── Data for analysis ──

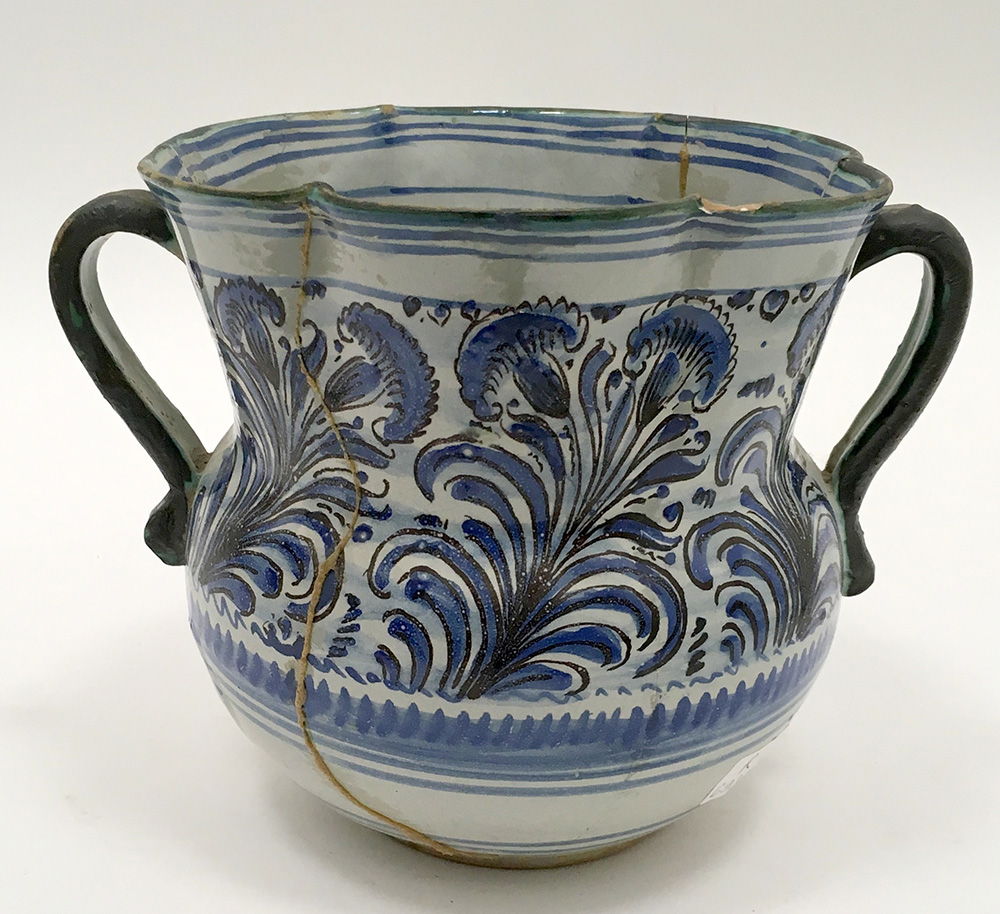 Vaso con bocca polilobata in maiolica, manifattura pugliese, sec. XVIII. Due manici a ricciolo. Decorazione a cespugli di garofani in monocromia blu contornati in bruno (h. cm 22) (rotture e restauri)
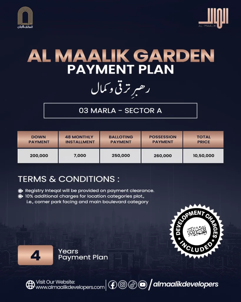 One of the strongest attractions of Al Maalik Garden is its affordable payment plan.
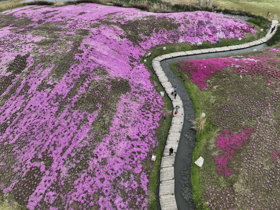 This aerial photo taken on April 5, 2023 shows tourists visiting flowers in a peony garden in Jiyuan City, central China's Henan Province. (Photo by Miao Qiunao/Xinhua)
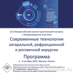 25-й Всероссийский научно-практический конгресс с международным участием Современные технологии катарактальной, рефракционной и роговичной хирургии, oor.ru, mntk.ru, cataract-congress.ru, Анонс 1, Программа
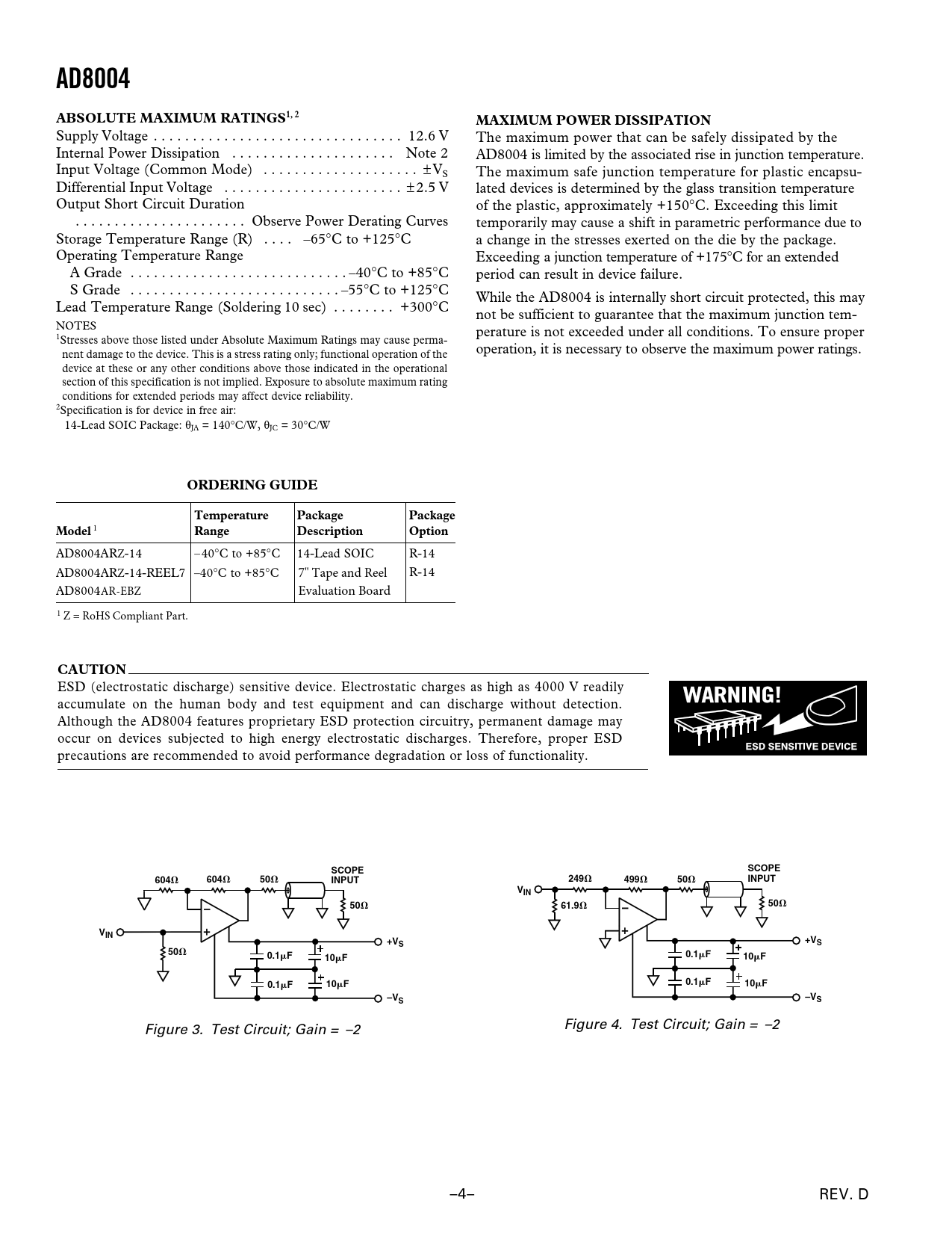 ESD (electrostatic discharge) sensitive device. Electrostatic charges as high as 4000 V readily accumulate on the human body and test equipment and can discharge without detection. Although the AD8004 features proprietary ESD protection circuitry, permanent damage may occur on devices subjected to high energy electrostatic discharges. Therefore, proper ESD precautions are recommended to avoid performance degradation or loss of functionality.
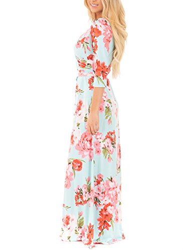 Dokotoo Womens Summer Floral Print Maxi Long Dresses with Belt (8 Floral Pattern, S-XXL)
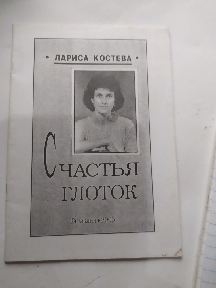 книга "Счастья глоток" автор-Лариса Костова, Тараклия 2003г. Книга - печатное произведение, объединяющее тексты, иллюстрации, представленное в виде связанных листов, предназначенное для чтения.
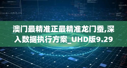 在现代数据科学世界中,信息处理和数据分析已成为推动行业发展的关键力量,在此背景下,"澳门最精准正最精准龙门蚕"这一理念显得尤为重要,本文将详细解读这一理念,并结合深入数据执行方案UHD版9.294,为数据分析师和行业专家提供清晰、精准的指导。
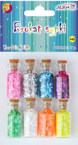 Dekorační brokát v lahvičce, 8 pastelových barev, 1 barva obsahuje 7g.
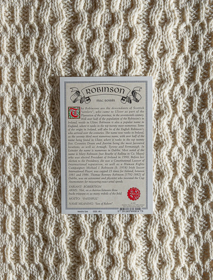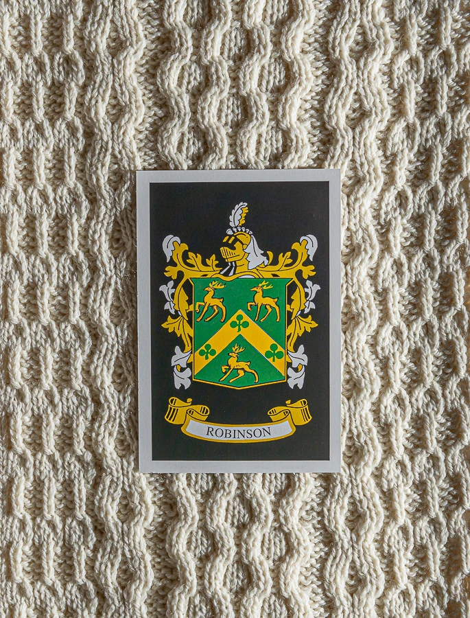 The Robinson Clan Aran Throw is a precious gift for any home wherein Robinson heritage proudly resides & will be cherished by families of the Robinson name for generations to come. Lovingly crafted from the finest 100% soft new wool, this Aran throw (measuring 64″ X 40″) has been created following the unique Robinson Clan Aran pattern.
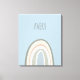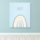 Con Neutral Hues, ilustré este arco iris con la mente de un bebé. Las lluvias después de una tormenta son una imagen tan poderosa y alentadora. Personalice este lienzo envuelto con el nombre del niño. Un gran regalo para los nuevos padres. Cambie el color de fondo azul si lo desea.
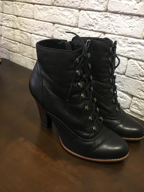 Стильные женские ботинки, ботильоны, сапожки. Натуральная кожа, мягкие, очень удобные.Состояние очень хорошее( есть один дефект на каблуке на внутренней части, при носке вообще не заметно). Размер 37. Высота каблука 9 см.
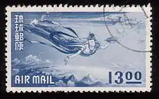 В феврале 1950 года были эмитированы первые три авиапочтовые марки Рюкю[2][3]. Марки вышли двумя тиражами[2]. Надписи на них: «Air mail» («Авиапочта»)[4]. В 1952—1954 годах в обращении появились ещё пять номиналов авиапочтовых марок[2].
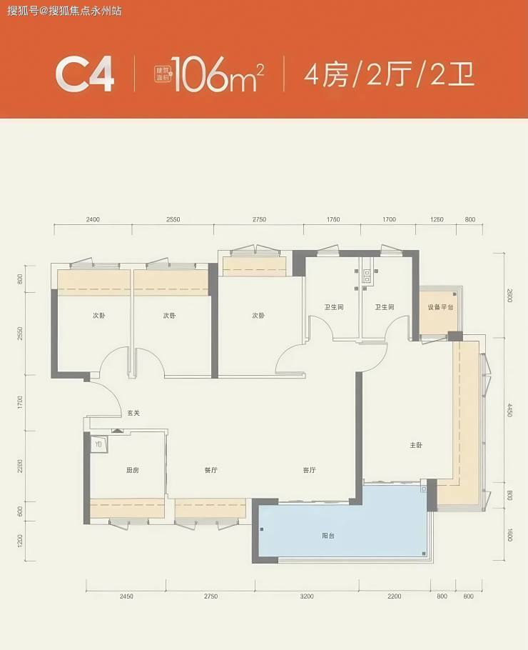建面约106㎡大四房户型使用率提升至103%,更是将改善需求做到极致。三个次卧均赠送进深约0.8米观景飘窗,主卧赠送2个进深约0.8米的飘窗,L型飘窗设计,加上约2㎡的设备平台、约5.4米超大观景阳台贯通客厅与主卧,“双阳台+双飘窗”让室内外景观浑然天成,形成真正的无界景观面。
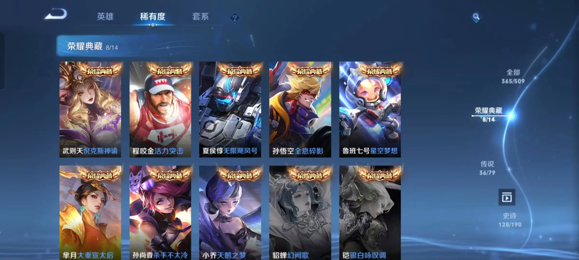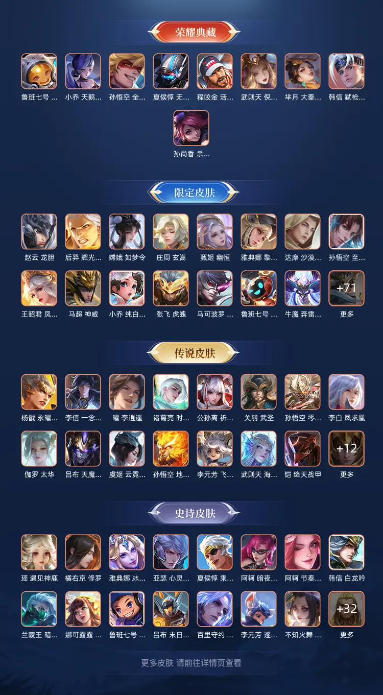 本游戏账号: V10用户,基础段位:至尊星耀V,英雄多,皮肤多。典藏皮肤8个,感受典藏皮肤带来的优质体验快感,FMVP皮肤6个,尽情享受FMVP皮肤带来的主角光环, 私人所属英雄皮肤有:孙尚香 杀手不太冷||鲁班七号 星空梦想||芈月 大秦宣太后||夏侯惇 无限飓风号||武则天 倪克斯神谕||程咬金 活力突击||孙悟空 全息碎影||小乔 天鹅之梦铠 绛天战甲||孙尚香 末日机甲||周瑜 音你心动||狄仁杰 超时空战士||达摩 黄金狮子座||武则天 海洋之心||貂蝉 仲夏夜之梦||张良 黄金白羊座||孙悟空 地狱火||后羿 黄金射手座||李元芳 飞鸢探春||小乔 音你心动,等等
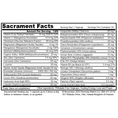 Vitreous Vitality is formulated to reduce glycation and oxidation in the vitreous body. Each phthalate-free enteric veggicapsule of Vitreous Vitality supplies:
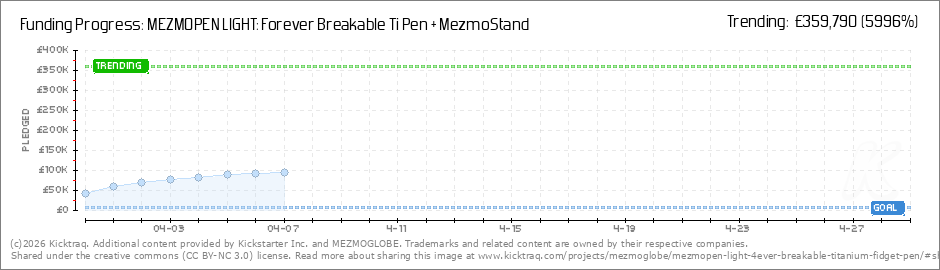 Help your backers reach your daily goals and help others see how you're doing. It's easy, with Kicktraq Mini.Here are a few quick snippits of code you can use to embed your personalized widget on your website, in your blog, and even on your favorite forum.
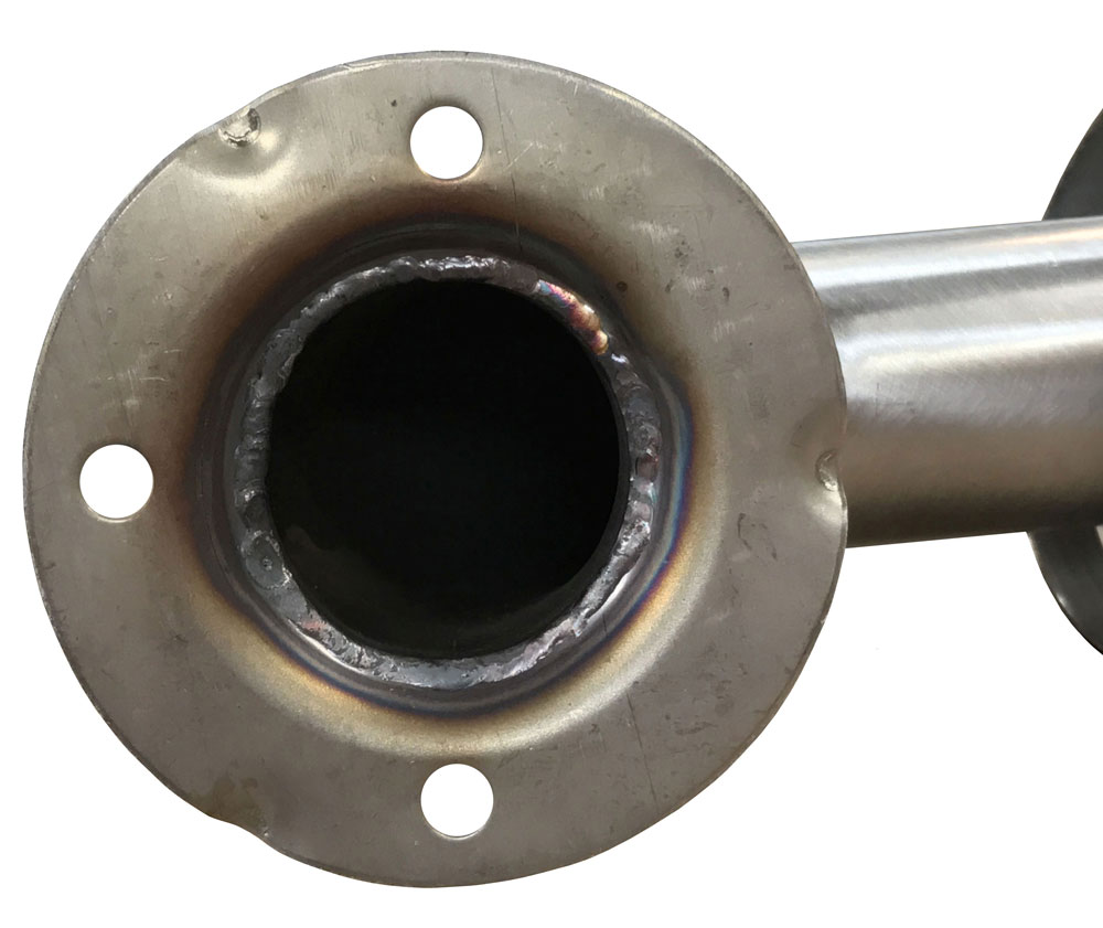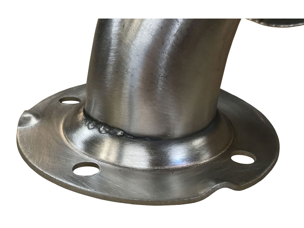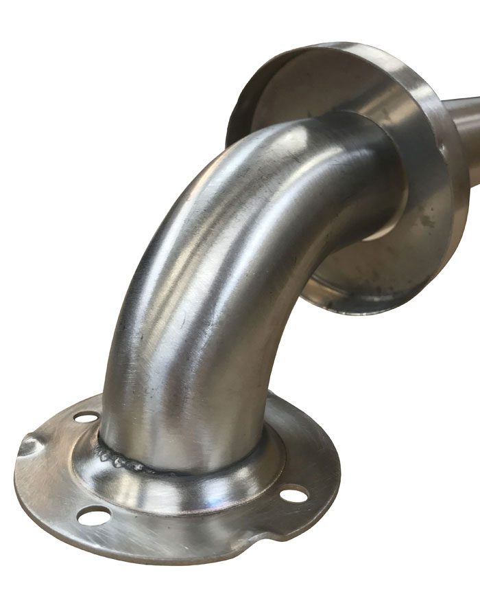 Fabricated of 3" diameter, #11 ga stainless steel with #4 satin finish to match tubing. Flanges are heliarc welded to bar to form a one piece construction. Each flange has three (3) mounting points (1/4" dia.)
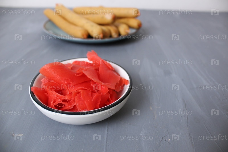 Красный маринованный имбирь на тарелке. Пряная восточная приправа. Пищевые добавки
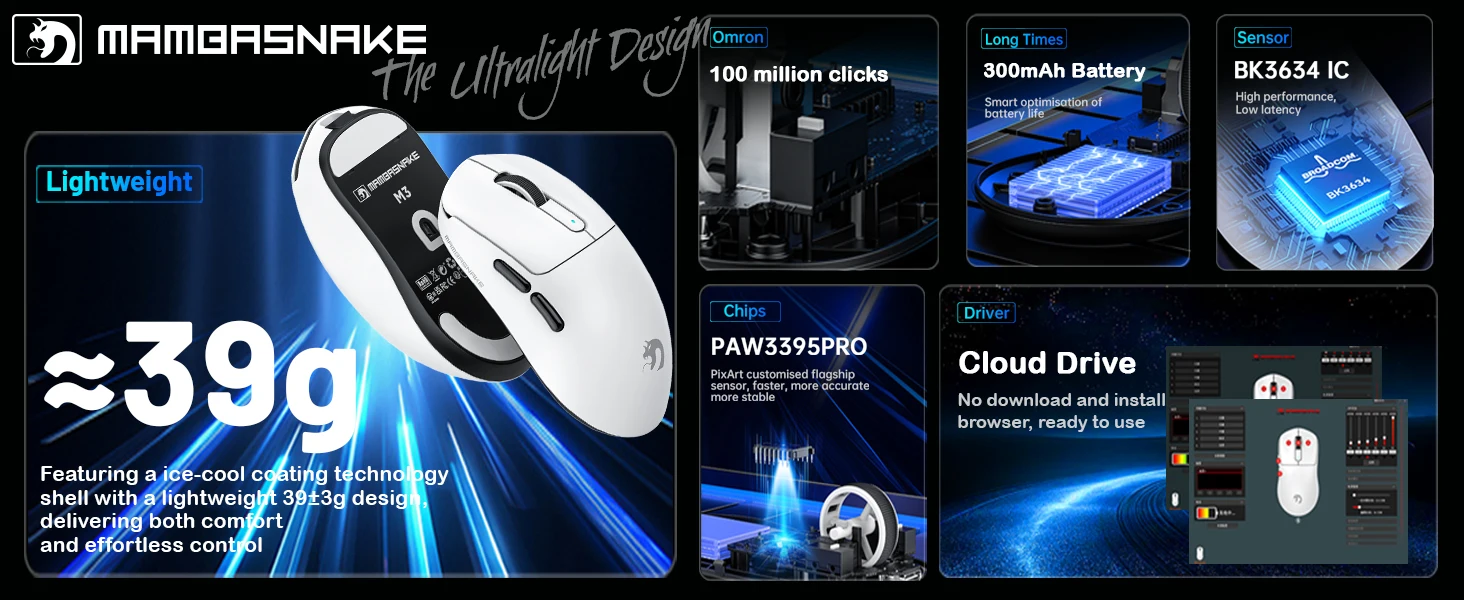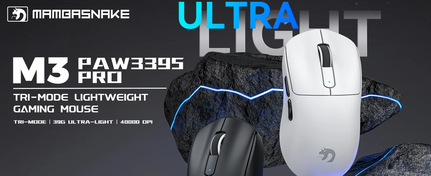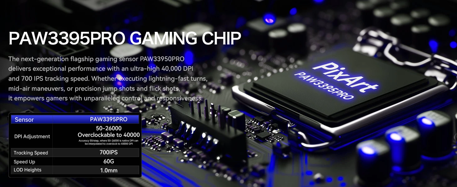 Wireless Gaming Mouse with Lightweight 39g, Pix Art PAW3395 PRO Sensor 40K DPI, Tri Mode-,100M Clicks Micro Switch
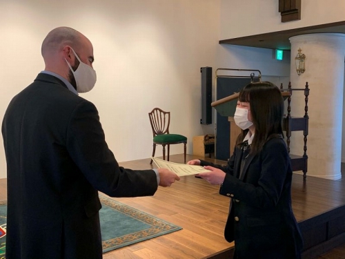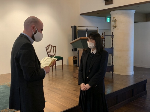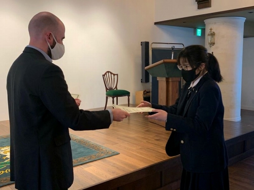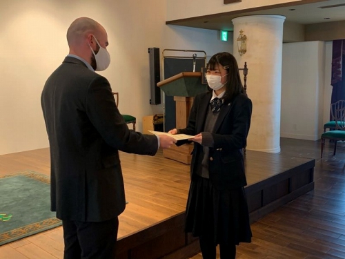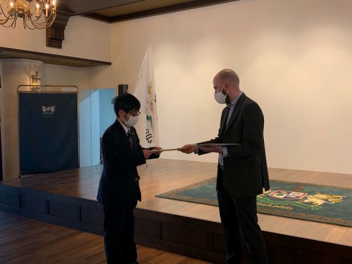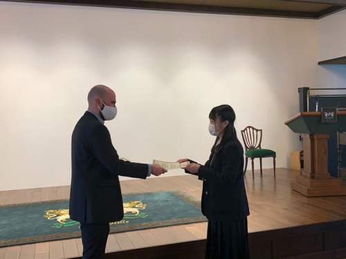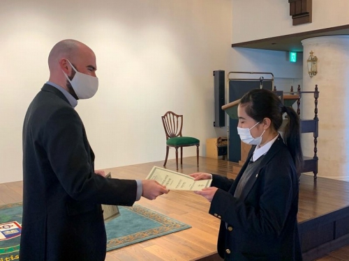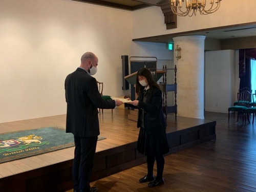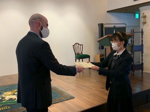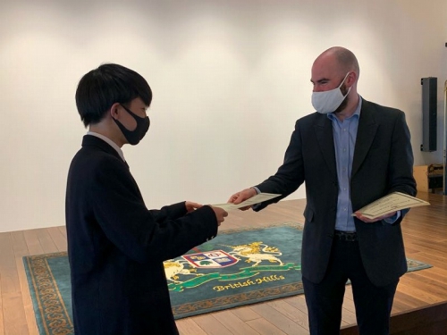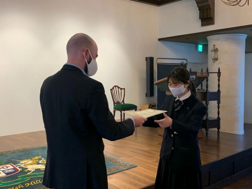 Closing Ceremonyの中で、お世話になった先生から手渡しで修了証書を頂く場面がありました。一人一人に「What is the most interesting lesson?」「What is the best memory?」と聞いており、生徒たちは思い思いの話をしていました。また、このBritish Hillsで学んだことを一時的に終わらさずに、学びを続けていくことが大切であることを言われていました。帰ってからも学びを止めずに、一年後に控えている受験に活かしていきましょう。
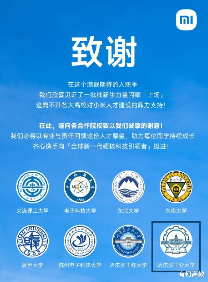 9 月 1 日,小米集团发布的海内外高校致谢名单中,哈尔滨工业大学继去年后再度上榜。这份持续的认可背后,是哈工大毕业生在科技产业领域的过硬口碑。作为深耕智能硬件与智能汽车领域的科技企业,小米对自动驾驶、智能控制等技术人才的迫切需求,与哈工大在工科领域的深厚积淀形成了精准对接。
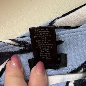 Chic A-line skirt with a bold leaf pattern. Light blue base with white and black accents. Ideal for casual outings.
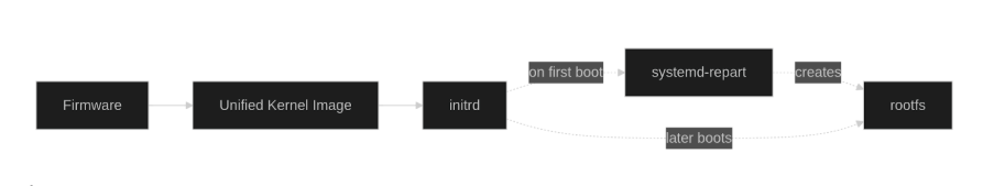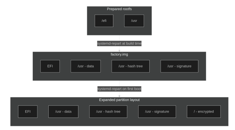 With this, we will get our `/usr` burned into the factory image and then use `systemd-repart` again on the device to fill in the remaining parts.

───

-- Exercise aim --
In the listing above, find the line with "ESD (electrostatic discharge)" and the line with "Con Neutral Hues, ilustré". Set down exactly those lines and everything between them, skipping pictures.

-- Answer space --
 ESD (electrostatic discharge) sensitive device. Electrostatic charges as high as 4000 V readily accumulate on the human body and test equipment and can discharge without detection. Although the AD8004 features proprietary ESD protection circuitry, permanent damage may occur on devices subjected to high energy electrostatic discharges. Therefore, proper ESD precautions are recommended to avoid performance degradation or loss of functionality.
 Dokotoo Womens Summer Floral Print Maxi Long Dresses with Belt (8 Floral Pattern, S-XXL)
 книга "Счастья глоток" автор-Лариса Костова, Тараклия 2003г. Книга - печатное произведение, объединяющее тексты, иллюстрации, представленное в виде связанных листов, предназначенное для чтения.
 在现代数据科学世界中,信息处理和数据分析已成为推动行业发展的关键力量,在此背景下,"澳门最精准正最精准龙门蚕"这一理念显得尤为重要,本文将详细解读这一理念,并结合深入数据执行方案UHD版9.294,为数据分析师和行业专家提供清晰、精准的指导。
 Dekorační brokát v lahvičce, 8 pastelových barev, 1 barva obsahuje 7g.
 The Robinson Clan Aran Throw is a precious gift for any home wherein Robinson heritage proudly resides & will be cherished by families of the Robinson name for generations to come. Lovingly crafted from the finest 100% soft new wool, this Aran throw (measuring 64″ X 40″) has been created following the unique Robinson Clan Aran pattern.
 Con Neutral Hues, ilustré este arco iris con la mente de un bebé. Las lluvias después de una tormenta son una imagen tan poderosa y alentadora. Personalice este lienzo envuelto con el nombre del niño. Un gran regalo para los nuevos padres. Cambie el color de fondo azul si lo desea.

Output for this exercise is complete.